━━━ Information supplied ━━━

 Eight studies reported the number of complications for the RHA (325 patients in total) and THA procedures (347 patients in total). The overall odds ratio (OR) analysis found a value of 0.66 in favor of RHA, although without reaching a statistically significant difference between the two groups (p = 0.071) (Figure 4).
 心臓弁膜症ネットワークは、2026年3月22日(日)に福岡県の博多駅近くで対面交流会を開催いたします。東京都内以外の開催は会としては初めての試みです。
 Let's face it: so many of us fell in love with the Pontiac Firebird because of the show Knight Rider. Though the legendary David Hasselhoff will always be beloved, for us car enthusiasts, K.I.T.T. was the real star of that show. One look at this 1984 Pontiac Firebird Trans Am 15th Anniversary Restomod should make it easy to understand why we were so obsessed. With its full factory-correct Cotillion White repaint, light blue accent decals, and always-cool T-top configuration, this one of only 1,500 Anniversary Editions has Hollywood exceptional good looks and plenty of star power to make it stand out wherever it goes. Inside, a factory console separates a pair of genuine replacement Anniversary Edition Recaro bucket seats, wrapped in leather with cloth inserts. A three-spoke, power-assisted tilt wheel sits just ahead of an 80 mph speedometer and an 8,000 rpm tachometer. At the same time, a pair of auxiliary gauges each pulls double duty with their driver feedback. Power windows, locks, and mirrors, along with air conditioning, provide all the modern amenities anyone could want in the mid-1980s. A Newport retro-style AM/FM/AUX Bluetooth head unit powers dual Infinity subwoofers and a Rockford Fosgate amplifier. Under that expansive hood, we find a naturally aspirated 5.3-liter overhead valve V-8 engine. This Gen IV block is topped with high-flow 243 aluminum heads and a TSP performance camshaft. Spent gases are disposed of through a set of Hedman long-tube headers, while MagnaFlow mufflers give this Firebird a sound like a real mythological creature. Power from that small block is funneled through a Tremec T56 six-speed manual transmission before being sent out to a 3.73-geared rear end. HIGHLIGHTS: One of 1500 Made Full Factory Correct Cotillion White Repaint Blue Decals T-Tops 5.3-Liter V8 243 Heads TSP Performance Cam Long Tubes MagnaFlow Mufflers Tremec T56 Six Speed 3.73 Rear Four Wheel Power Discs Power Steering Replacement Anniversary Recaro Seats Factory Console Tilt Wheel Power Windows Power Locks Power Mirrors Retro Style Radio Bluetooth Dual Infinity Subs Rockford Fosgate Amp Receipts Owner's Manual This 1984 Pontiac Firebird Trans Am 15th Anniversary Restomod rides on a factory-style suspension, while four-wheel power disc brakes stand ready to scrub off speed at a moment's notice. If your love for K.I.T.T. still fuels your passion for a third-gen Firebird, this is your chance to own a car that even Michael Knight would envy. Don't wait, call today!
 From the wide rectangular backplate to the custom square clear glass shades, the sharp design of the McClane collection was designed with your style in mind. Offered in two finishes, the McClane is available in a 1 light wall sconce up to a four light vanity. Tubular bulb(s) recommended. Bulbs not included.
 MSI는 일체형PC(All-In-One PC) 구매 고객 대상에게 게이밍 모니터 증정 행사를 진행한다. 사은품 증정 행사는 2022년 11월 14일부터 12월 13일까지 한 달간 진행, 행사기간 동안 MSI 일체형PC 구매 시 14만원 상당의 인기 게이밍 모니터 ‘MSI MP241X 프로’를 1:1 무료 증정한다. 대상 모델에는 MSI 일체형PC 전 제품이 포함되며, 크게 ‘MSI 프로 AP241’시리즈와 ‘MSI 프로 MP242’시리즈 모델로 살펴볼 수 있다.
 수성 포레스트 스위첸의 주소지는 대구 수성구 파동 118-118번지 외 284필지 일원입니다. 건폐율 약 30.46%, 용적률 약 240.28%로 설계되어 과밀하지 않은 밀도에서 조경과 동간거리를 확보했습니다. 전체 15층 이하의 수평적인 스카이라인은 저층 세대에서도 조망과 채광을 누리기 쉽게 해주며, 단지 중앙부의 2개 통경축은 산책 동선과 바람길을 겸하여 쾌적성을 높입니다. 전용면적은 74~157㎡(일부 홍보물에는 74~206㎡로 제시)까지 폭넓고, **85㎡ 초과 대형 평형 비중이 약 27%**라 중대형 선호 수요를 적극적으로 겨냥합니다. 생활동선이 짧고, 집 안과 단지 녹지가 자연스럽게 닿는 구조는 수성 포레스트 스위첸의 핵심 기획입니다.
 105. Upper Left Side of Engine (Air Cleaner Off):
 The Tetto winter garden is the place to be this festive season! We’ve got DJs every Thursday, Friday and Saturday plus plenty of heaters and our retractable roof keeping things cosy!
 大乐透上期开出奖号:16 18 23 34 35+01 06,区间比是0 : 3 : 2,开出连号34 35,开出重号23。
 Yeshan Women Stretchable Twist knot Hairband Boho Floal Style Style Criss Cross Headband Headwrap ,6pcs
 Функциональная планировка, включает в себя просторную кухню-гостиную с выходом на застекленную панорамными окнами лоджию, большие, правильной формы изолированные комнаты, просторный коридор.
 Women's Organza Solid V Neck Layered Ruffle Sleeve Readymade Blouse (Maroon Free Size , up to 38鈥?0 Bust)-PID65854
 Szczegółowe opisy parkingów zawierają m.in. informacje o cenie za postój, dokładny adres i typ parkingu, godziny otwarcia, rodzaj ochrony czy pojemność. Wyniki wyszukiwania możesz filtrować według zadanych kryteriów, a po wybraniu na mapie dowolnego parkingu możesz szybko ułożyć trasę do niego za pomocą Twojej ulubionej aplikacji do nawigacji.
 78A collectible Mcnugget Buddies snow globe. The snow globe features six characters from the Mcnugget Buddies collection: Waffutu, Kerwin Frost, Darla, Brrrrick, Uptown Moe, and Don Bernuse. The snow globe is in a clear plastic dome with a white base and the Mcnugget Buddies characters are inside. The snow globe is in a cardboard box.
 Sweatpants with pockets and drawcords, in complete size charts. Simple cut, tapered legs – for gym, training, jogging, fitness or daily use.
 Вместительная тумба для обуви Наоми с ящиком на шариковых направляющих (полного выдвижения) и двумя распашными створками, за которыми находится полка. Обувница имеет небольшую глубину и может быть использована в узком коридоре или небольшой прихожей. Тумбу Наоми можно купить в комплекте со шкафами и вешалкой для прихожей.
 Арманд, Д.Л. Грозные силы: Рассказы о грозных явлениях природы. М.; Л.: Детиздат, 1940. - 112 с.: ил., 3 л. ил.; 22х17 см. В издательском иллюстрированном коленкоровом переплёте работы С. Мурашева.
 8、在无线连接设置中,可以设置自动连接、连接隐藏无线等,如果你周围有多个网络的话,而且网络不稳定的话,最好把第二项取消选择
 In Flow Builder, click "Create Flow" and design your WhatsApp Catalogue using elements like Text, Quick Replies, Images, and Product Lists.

━━━

### About this exercise
With nothing left out, copy the data above exactly.

### Answer to this problem
 Eight studies reported the number of complications for the RHA (325 patients in total) and THA procedures (347 patients in total). The overall odds ratio (OR) analysis found a value of 0.66 in favor of RHA, although without reaching a statistically significant difference between the two groups (p = 0.071) (Figure 4).
 心臓弁膜症ネットワークは、2026年3月22日(日)に福岡県の博多駅近くで対面交流会を開催いたします。東京都内以外の開催は会としては初めての試みです。
 Let's face it: so many of us fell in love with the Pontiac Firebird because of the show Knight Rider. Though the legendary David Hasselhoff will always be beloved, for us car enthusiasts, K.I.T.T. was the real star of that show. One look at this 1984 Pontiac Firebird Trans Am 15th Anniversary Restomod should make it easy to understand why we were so obsessed. With its full factory-correct Cotillion White repaint, light blue accent decals, and always-cool T-top configuration, this one of only 1,500 Anniversary Editions has Hollywood exceptional good looks and plenty of star power to make it stand out wherever it goes. Inside, a factory console separates a pair of genuine replacement Anniversary Edition Recaro bucket seats, wrapped in leather with cloth inserts. A three-spoke, power-assisted tilt wheel sits just ahead of an 80 mph speedometer and an 8,000 rpm tachometer. At the same time, a pair of auxiliary gauges each pulls double duty with their driver feedback. Power windows, locks, and mirrors, along with air conditioning, provide all the modern amenities anyone could want in the mid-1980s. A Newport retro-style AM/FM/AUX Bluetooth head unit powers dual Infinity subwoofers and a Rockford Fosgate amplifier. Under that expansive hood, we find a naturally aspirated 5.3-liter overhead valve V-8 engine. This Gen IV block is topped with high-flow 243 aluminum heads and a TSP performance camshaft. Spent gases are disposed of through a set of Hedman long-tube headers, while MagnaFlow mufflers give this Firebird a sound like a real mythological creature. Power from that small block is funneled through a Tremec T56 six-speed manual transmission before being sent out to a 3.73-geared rear end. HIGHLIGHTS: One of 1500 Made Full Factory Correct Cotillion White Repaint Blue Decals T-Tops 5.3-Liter V8 243 Heads TSP Performance Cam Long Tubes MagnaFlow Mufflers Tremec T56 Six Speed 3.73 Rear Four Wheel Power Discs Power Steering Replacement Anniversary Recaro Seats Factory Console Tilt Wheel Power Windows Power Locks Power Mirrors Retro Style Radio Bluetooth Dual Infinity Subs Rockford Fosgate Amp Receipts Owner's Manual This 1984 Pontiac Firebird Trans Am 15th Anniversary Restomod rides on a factory-style suspension, while four-wheel power disc brakes stand ready to scrub off speed at a moment's notice. If your love for K.I.T.T. still fuels your passion for a third-gen Firebird, this is your chance to own a car that even Michael Knight would envy. Don't wait, call today!
 From the wide rectangular backplate to the custom square clear glass shades, the sharp design of the McClane collection was designed with your style in mind. Offered in two finishes, the McClane is available in a 1 light wall sconce up to a four light vanity. Tubular bulb(s) recommended. Bulbs not included.
 MSI는 일체형PC(All-In-One PC) 구매 고객 대상에게 게이밍 모니터 증정 행사를 진행한다. 사은품 증정 행사는 2022년 11월 14일부터 12월 13일까지 한 달간 진행, 행사기간 동안 MSI 일체형PC 구매 시 14만원 상당의 인기 게이밍 모니터 ‘MSI MP241X 프로’를 1:1 무료 증정한다. 대상 모델에는 MSI 일체형PC 전 제품이 포함되며, 크게 ‘MSI 프로 AP241’시리즈와 ‘MSI 프로 MP242’시리즈 모델로 살펴볼 수 있다.
 수성 포레스트 스위첸의 주소지는 대구 수성구 파동 118-118번지 외 284필지 일원입니다. 건폐율 약 30.46%, 용적률 약 240.28%로 설계되어 과밀하지 않은 밀도에서 조경과 동간거리를 확보했습니다. 전체 15층 이하의 수평적인 스카이라인은 저층 세대에서도 조망과 채광을 누리기 쉽게 해주며, 단지 중앙부의 2개 통경축은 산책 동선과 바람길을 겸하여 쾌적성을 높입니다. 전용면적은 74~157㎡(일부 홍보물에는 74~206㎡로 제시)까지 폭넓고, **85㎡ 초과 대형 평형 비중이 약 27%**라 중대형 선호 수요를 적극적으로 겨냥합니다. 생활동선이 짧고, 집 안과 단지 녹지가 자연스럽게 닿는 구조는 수성 포레스트 스위첸의 핵심 기획입니다.
 105. Upper Left Side of Engine (Air Cleaner Off):
 The Tetto winter garden is the place to be this festive season! We’ve got DJs every Thursday, Friday and Saturday plus plenty of heaters and our retractable roof keeping things cosy!
 大乐透上期开出奖号:16 18 23 34 35+01 06,区间比是0 : 3 : 2,开出连号34 35,开出重号23。
 Yeshan Women Stretchable Twist knot Hairband Boho Floal Style Style Criss Cross Headband Headwrap ,6pcs
 Функциональная планировка, включает в себя просторную кухню-гостиную с выходом на застекленную панорамными окнами лоджию, большие, правильной формы изолированные комнаты, просторный коридор.
 Women's Organza Solid V Neck Layered Ruffle Sleeve Readymade Blouse (Maroon Free Size , up to 38鈥?0 Bust)-PID65854
 Szczegółowe opisy parkingów zawierają m.in. informacje o cenie za postój, dokładny adres i typ parkingu, godziny otwarcia, rodzaj ochrony czy pojemność. Wyniki wyszukiwania możesz filtrować według zadanych kryteriów, a po wybraniu na mapie dowolnego parkingu możesz szybko ułożyć trasę do niego za pomocą Twojej ulubionej aplikacji do nawigacji.
 78A collectible Mcnugget Buddies snow globe. The snow globe features six characters from the Mcnugget Buddies collection: Waffutu, Kerwin Frost, Darla, Brrrrick, Uptown Moe, and Don Bernuse. The snow globe is in a clear plastic dome with a white base and the Mcnugget Buddies characters are inside. The snow globe is in a cardboard box.
 Sweatpants with pockets and drawcords, in complete size charts. Simple cut, tapered legs – for gym, training, jogging, fitness or daily use.
 Вместительная тумба для обуви Наоми с ящиком на шариковых направляющих (полного выдвижения) и двумя распашными створками, за которыми находится полка. Обувница имеет небольшую глубину и может быть использована в узком коридоре или небольшой прихожей. Тумбу Наоми можно купить в комплекте со шкафами и вешалкой для прихожей.
 Арманд, Д.Л. Грозные силы: Рассказы о грозных явлениях природы. М.; Л.: Детиздат, 1940. - 112 с.: ил., 3 л. ил.; 22х17 см. В издательском иллюстрированном коленкоровом переплёте работы С. Мурашева.
 8、在无线连接设置中,可以设置自动连接、连接隐藏无线等,如果你周围有多个网络的话,而且网络不稳定的话,最好把第二项取消选择
 In Flow Builder, click "Create Flow" and design your WhatsApp Catalogue using elements like Text, Quick Replies, Images, and Product Lists.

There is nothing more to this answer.